## Data listing
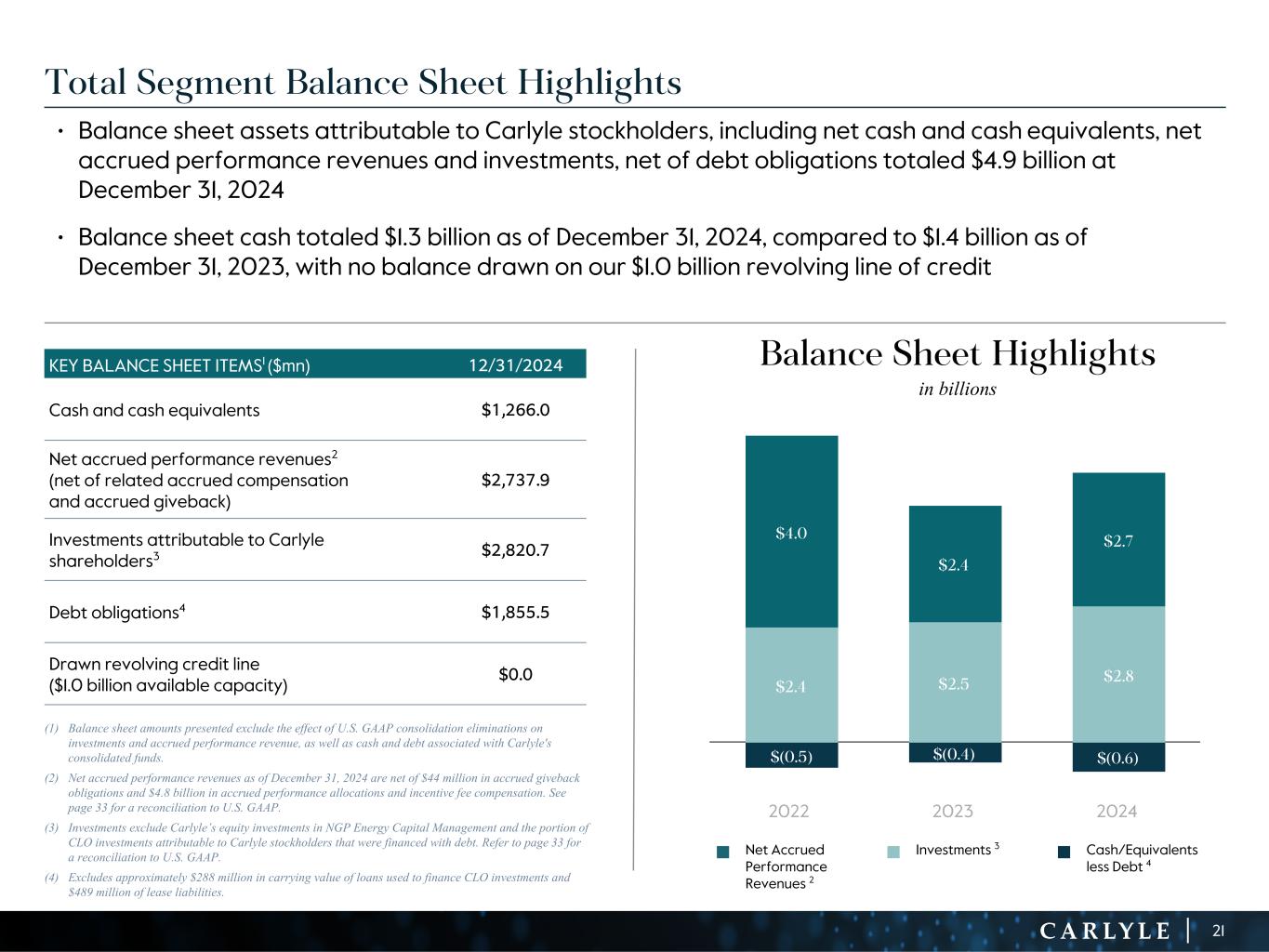 R-14 7 G-19 5 B-19 7 R-88 G-15 9 B-16 5 R-13 6 G-18 0 B-83 R-16 3 G-14 3 B-18 7 R-0 G-74 B-13 6 R-18 5 G-21 1 B-15 3 R-11 8 G-92 B-15 0 R-22 0 G-22 1 B-23 2 R-14 0 G-14 1 B-15 2R-12 0 G-16 9 B-22 2 Old Colors R-88 G-89 B-91 58595B R-23 G-234 B-234 EAEAEA R-208 G-232 B-247 D0E8F7 R-65 G-64 B-66 414042 R-8 G-51 B-94 08335E R-167 G-169 B-171 A7A9AB R-9 G-102 B-112 096670 R-220 G-221 B-222 DCDDDE R-97 G-161 B-224 61A1E0 R-237 G-217 B-157 EDD99D R-147 G-195 B-197 93C3C5 Total Segment Balance Sheet Highlights • Balance sheet assets attributable to Carlyle stockholders, including net cash and cash equivalents, net accrued performance revenues and investments, net of debt obligations totaled $4.9 billion at December 31, 2024 • Balance sheet cash totaled $1.3 billion as of December 31, 2024, compared to $1.4 billion as of December 31, 2023, with no balance drawn on our $1.0 billion revolving line of credit KEY BALANCE SHEET ITEMS1 ($mn) 12/31/2024 Cash and cash equivalents $1,266.0 Net accrued performance revenues2 (net of related accrued compensation and accrued giveback) $2,737.9 Investments attributable to Carlyle shareholders3 $2,820.7 Debt obligations4 $1,855.5 Drawn revolving credit line ($1.0 billion available capacity) $0.0 (1) Balance sheet amounts presented exclude the effect of U.S. GAAP consolidation eliminations on investments and accrued performance revenue, as well as cash and debt associated with Carlyle's consolidated funds. (2) Net accrued performance revenues as of December 31, 2024 are net of $44 million in accrued giveback obligations and $4.8 billion in accrued performance allocations and incentive fee compensation. See page 33 for a reconciliation to U.S. GAAP. (3) Investments exclude Carlyle’s equity investments in NGP Energy Capital Management and the portion of CLO investments attributable to Carlyle stockholders that were financed with debt. Refer to page 33 for a reconciliation to U.S. GAAP. (4) Excludes approximately $288 million in carrying value of loans used to finance CLO investments and $489 million of lease liabilities. $(0.5) $(0.4) $(0.6) $2.4 $2.5 $2.8 $4.0 $2.4 $2.7 2022 2023 2024 21 Balance Sheet Highlights in billions n Net Accrued Performance Revenues 2 n Investments 3 n Cash/Equivalents less Debt 4
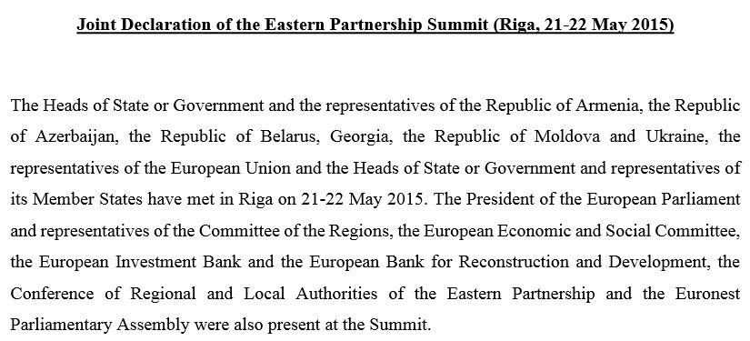 Τα μέλη της Συνόδου επαναβεβαιώνουν το στόχο της Ανατολικής Συνεργασίας να αναπτύξει ενισχυμένες, διαφοροποιημένες σχέσεις μεταξύ της ΕΕ και των έξι κυρίαρχων κρατών και ανεξάρτητων εταίρων της. Το εύρος και το βάθος της συνεργασίας καθορίζονται από τις φιλοδοξίες και ανάγκες της ΕΕ και των εταίρων της, αλλά και από το ρυθμό των μεταρρυθμίσεων.
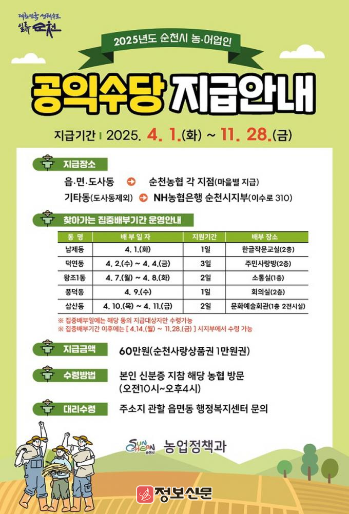 ![]() 순천시, 2025년 농어민 공익수당 지급 |
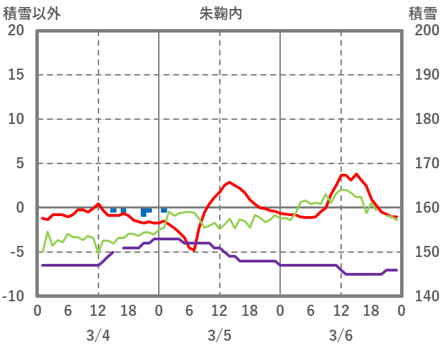 | 日 | 時 | 気温 | 降水 | 風向/風速 | 日照 | 積雪 | 降雪 |
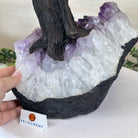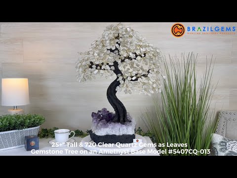 Disclaimer: This is a genuine gemstone handmade item sold by Brazil Gems® as is and as you see it in its images and video. It is the exact tree you will receive. The base may contain natural imperfections as well as imperfections, repairs and broken edges from the extraction, polishing, and prepping processes and the branches and leaf gemstones may contain imperfections as well. To allow for it to stand on its own the amethyst cluster base may have a small amount of cement added to the bottom then painted black. At Brazil Gems® we make every effort to get measurements as exact as possible but they are done by human hands and eyes and therefore may have minor discrepancies.
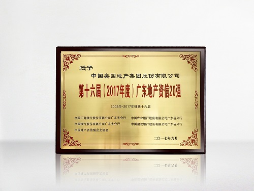 “第十六屆(2017年度)廣東地產(chǎn)資信20強(qiáng)”榮譽(yù)獎(jiǎng)牌
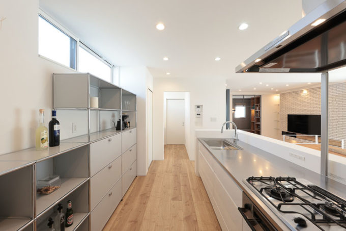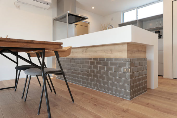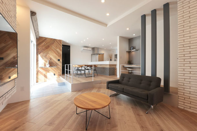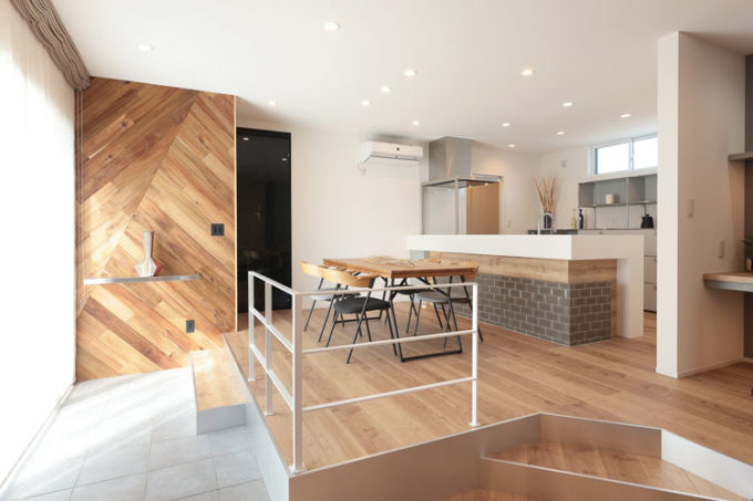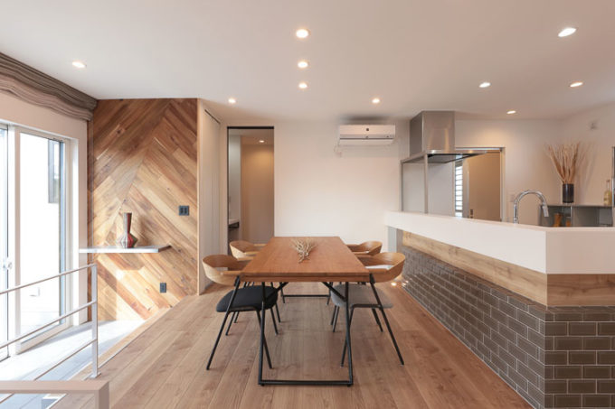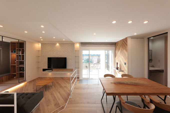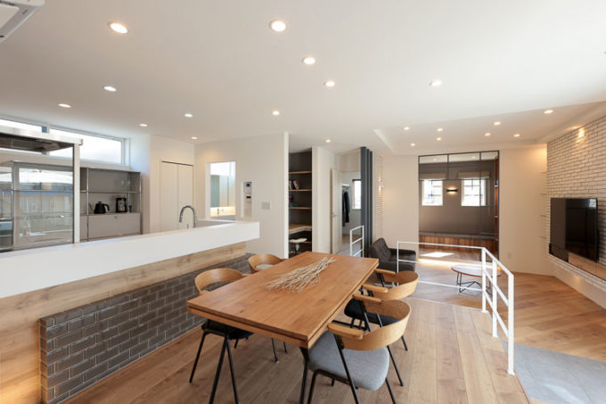 ダイニングキッチン廻りは、ナチュラルカフェモダンな空間に。SIBUSAWA-STYLEらしいジャンルMIX+空間設計デザイン。ダイニング→リビングゾーンへの動線も”あえて2WAY”に。また、床の段差をつけることで、空間のパーテーション的に感じ、ワンフロアでいて様々な要素が重なり合うLDKをデザインや空間要素が”散らかる”ことなく、センス良くバランス良くまとめ上げるPOINTとなった。ダイニング横の土間スペースも毎日の暮らしの動線を無意識に愉しむ縁側として、チェアを置けばカフェスペースとして…様々な使い方がある土間スペースも”さりげなく”設けた。
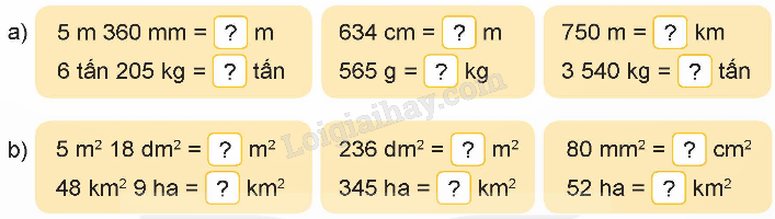 a) Trong bảng đơn vị đo độ dài, bảng đơn vị đo khối lượng, đơn vị bé bằng $\frac{1}{{10}}$ đơn vị lớn hơn tiếp liền.
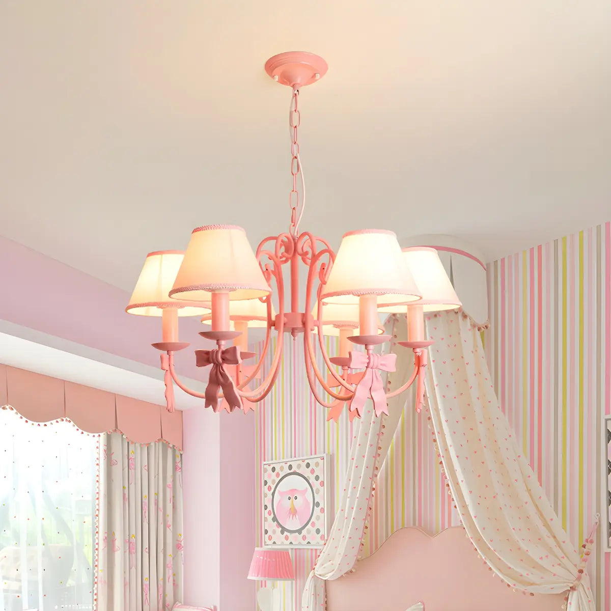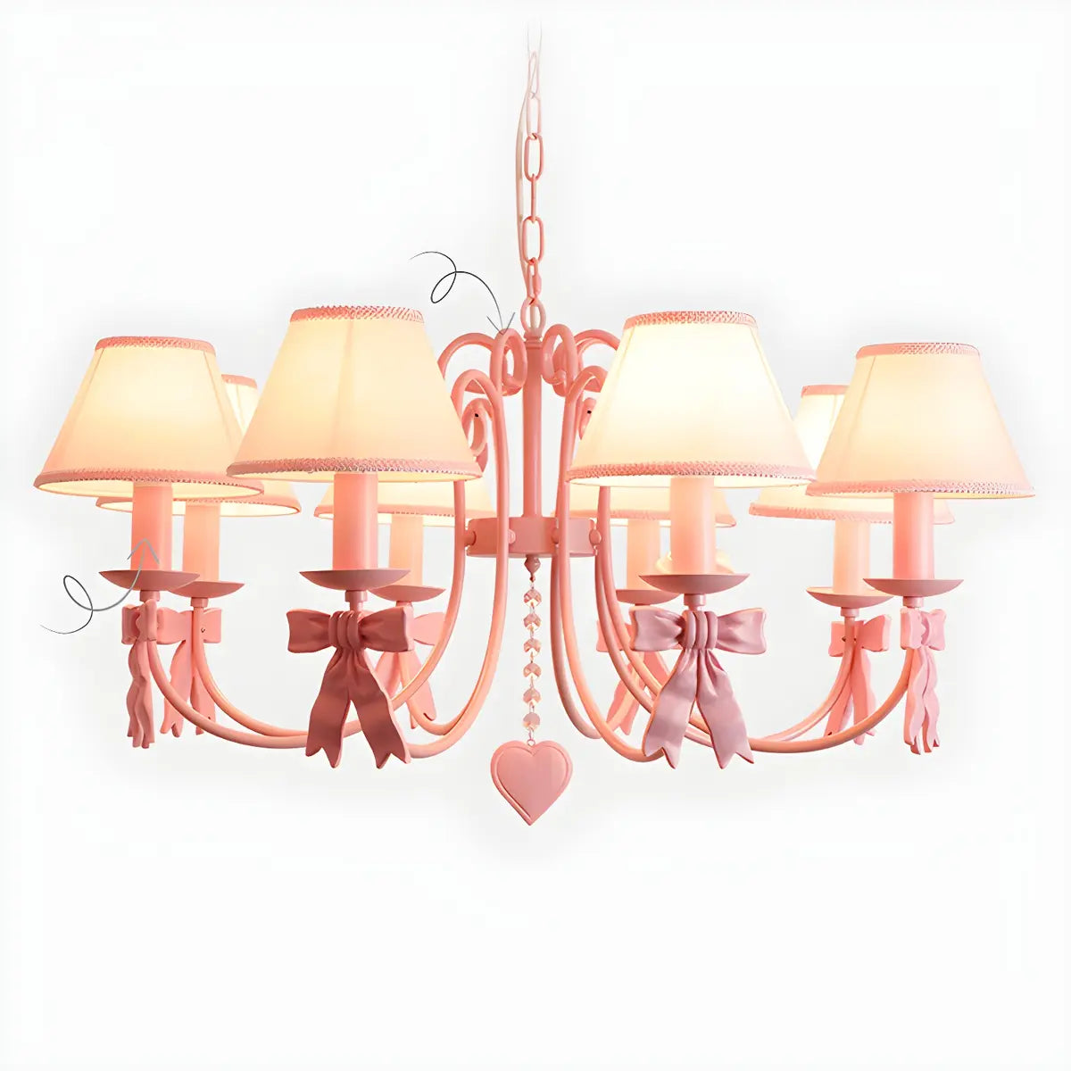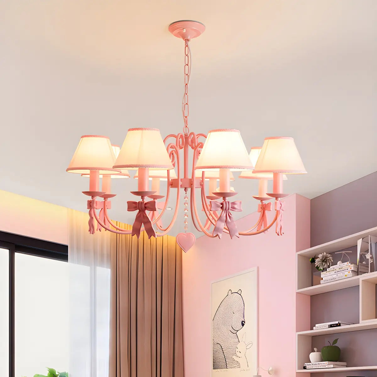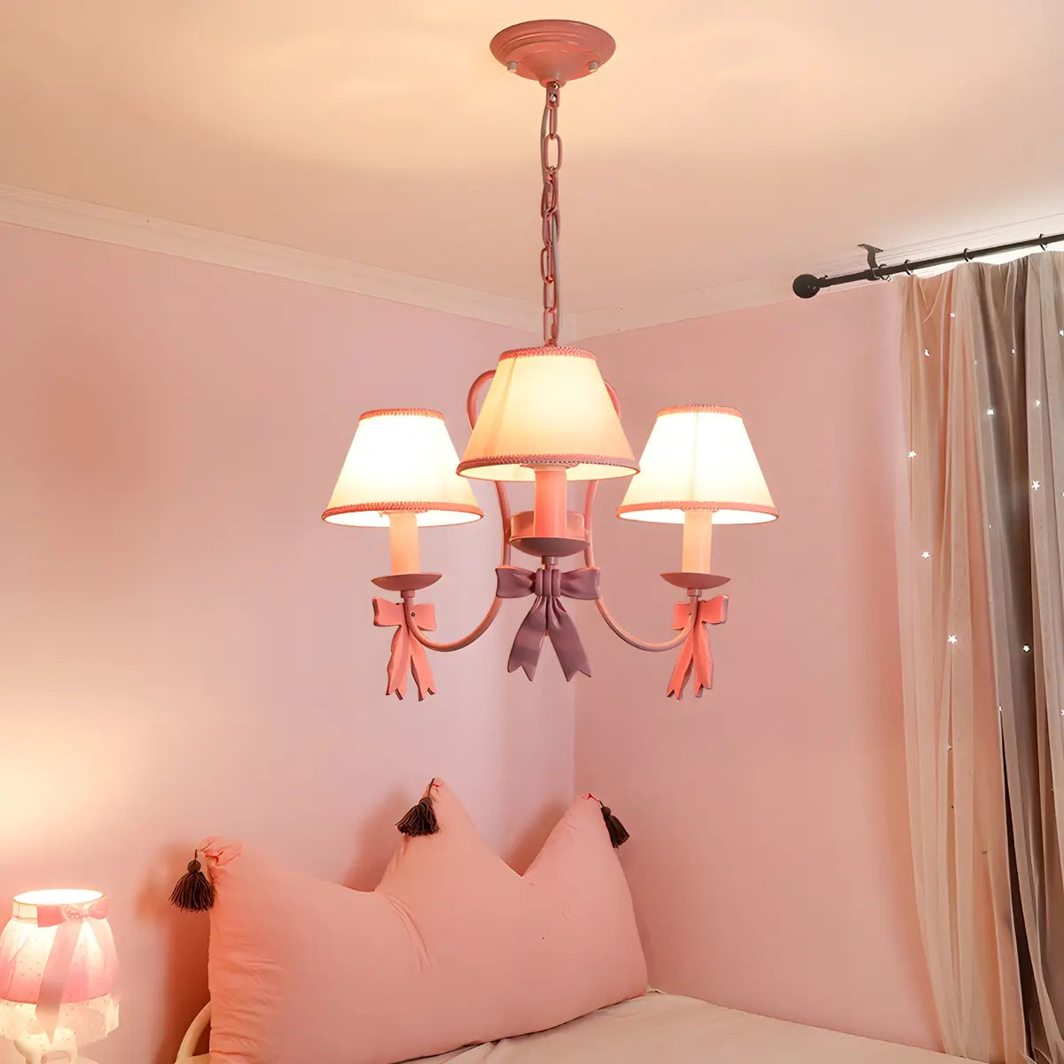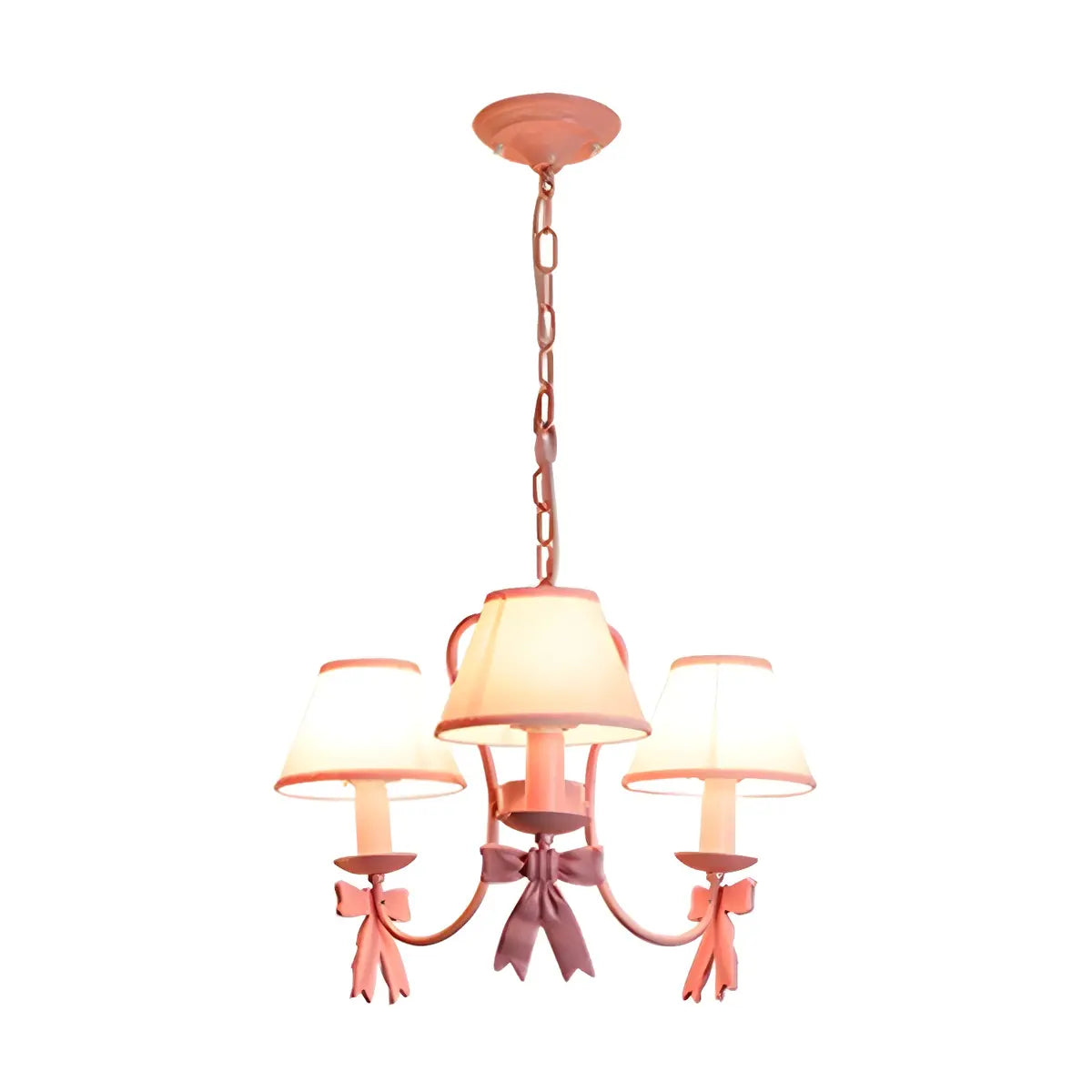 ZOWALA - Kids Pink Bowknot Metal Fabric Chandelier

## Exercise goal
Only the pictures are to be dropped; the rest of the material above must be duplicated exactly.

## Answer to the problem
 R-14 7 G-19 5 B-19 7 R-88 G-15 9 B-16 5 R-13 6 G-18 0 B-83 R-16 3 G-14 3 B-18 7 R-0 G-74 B-13 6 R-18 5 G-21 1 B-15 3 R-11 8 G-92 B-15 0 R-22 0 G-22 1 B-23 2 R-14 0 G-14 1 B-15 2R-12 0 G-16 9 B-22 2 Old Colors R-88 G-89 B-91 58595B R-23 G-234 B-234 EAEAEA R-208 G-232 B-247 D0E8F7 R-65 G-64 B-66 414042 R-8 G-51 B-94 08335E R-167 G-169 B-171 A7A9AB R-9 G-102 B-112 096670 R-220 G-221 B-222 DCDDDE R-97 G-161 B-224 61A1E0 R-237 G-217 B-157 EDD99D R-147 G-195 B-197 93C3C5 Total Segment Balance Sheet Highlights • Balance sheet assets attributable to Carlyle stockholders, including net cash and cash equivalents, net accrued performance revenues and investments, net of debt obligations totaled $4.9 billion at December 31, 2024 • Balance sheet cash totaled $1.3 billion as of December 31, 2024, compared to $1.4 billion as of December 31, 2023, with no balance drawn on our $1.0 billion revolving line of credit KEY BALANCE SHEET ITEMS1 ($mn) 12/31/2024 Cash and cash equivalents $1,266.0 Net accrued performance revenues2 (net of related accrued compensation and accrued giveback) $2,737.9 Investments attributable to Carlyle shareholders3 $2,820.7 Debt obligations4 $1,855.5 Drawn revolving credit line ($1.0 billion available capacity) $0.0 (1) Balance sheet amounts presented exclude the effect of U.S. GAAP consolidation eliminations on investments and accrued performance revenue, as well as cash and debt associated with Carlyle's consolidated funds. (2) Net accrued performance revenues as of December 31, 2024 are net of $44 million in accrued giveback obligations and $4.8 billion in accrued performance allocations and incentive fee compensation. See page 33 for a reconciliation to U.S. GAAP. (3) Investments exclude Carlyle’s equity investments in NGP Energy Capital Management and the portion of CLO investments attributable to Carlyle stockholders that were financed with debt. Refer to page 33 for a reconciliation to U.S. GAAP. (4) Excludes approximately $288 million in carrying value of loans used to finance CLO investments and $489 million of lease liabilities. $(0.5) $(0.4) $(0.6) $2.4 $2.5 $2.8 $4.0 $2.4 $2.7 2022 2023 2024 21 Balance Sheet Highlights in billions n Net Accrued Performance Revenues 2 n Investments 3 n Cash/Equivalents less Debt 4
 Τα μέλη της Συνόδου επαναβεβαιώνουν το στόχο της Ανατολικής Συνεργασίας να αναπτύξει ενισχυμένες, διαφοροποιημένες σχέσεις μεταξύ της ΕΕ και των έξι κυρίαρχων κρατών και ανεξάρτητων εταίρων της. Το εύρος και το βάθος της συνεργασίας καθορίζονται από τις φιλοδοξίες και ανάγκες της ΕΕ και των εταίρων της, αλλά και από το ρυθμό των μεταρρυθμίσεων.
 ![]() 순천시, 2025년 농어민 공익수당 지급 |
 | 日 | 時 | 気温 | 降水 | 風向/風速 | 日照 | 積雪 | 降雪 |
 Disclaimer: This is a genuine gemstone handmade item sold by Brazil Gems® as is and as you see it in its images and video. It is the exact tree you will receive. The base may contain natural imperfections as well as imperfections, repairs and broken edges from the extraction, polishing, and prepping processes and the branches and leaf gemstones may contain imperfections as well. To allow for it to stand on its own the amethyst cluster base may have a small amount of cement added to the bottom then painted black. At Brazil Gems® we make every effort to get measurements as exact as possible but they are done by human hands and eyes and therefore may have minor discrepancies.
 “第十六屆(2017年度)廣東地產(chǎn)資信20強(qiáng)”榮譽(yù)獎(jiǎng)牌
 ダイニングキッチン廻りは、ナチュラルカフェモダンな空間に。SIBUSAWA-STYLEらしいジャンルMIX+空間設計デザイン。ダイニング→リビングゾーンへの動線も”あえて2WAY”に。また、床の段差をつけることで、空間のパーテーション的に感じ、ワンフロアでいて様々な要素が重なり合うLDKをデザインや空間要素が”散らかる”ことなく、センス良くバランス良くまとめ上げるPOINTとなった。ダイニング横の土間スペースも毎日の暮らしの動線を無意識に愉しむ縁側として、チェアを置けばカフェスペースとして…様々な使い方がある土間スペースも”さりげなく”設けた。
 a) Trong bảng đơn vị đo độ dài, bảng đơn vị đo khối lượng, đơn vị bé bằng $\frac{1}{{10}}$ đơn vị lớn hơn tiếp liền.
 ZOWALA - Kids Pink Bowknot Metal Fabric Chandelier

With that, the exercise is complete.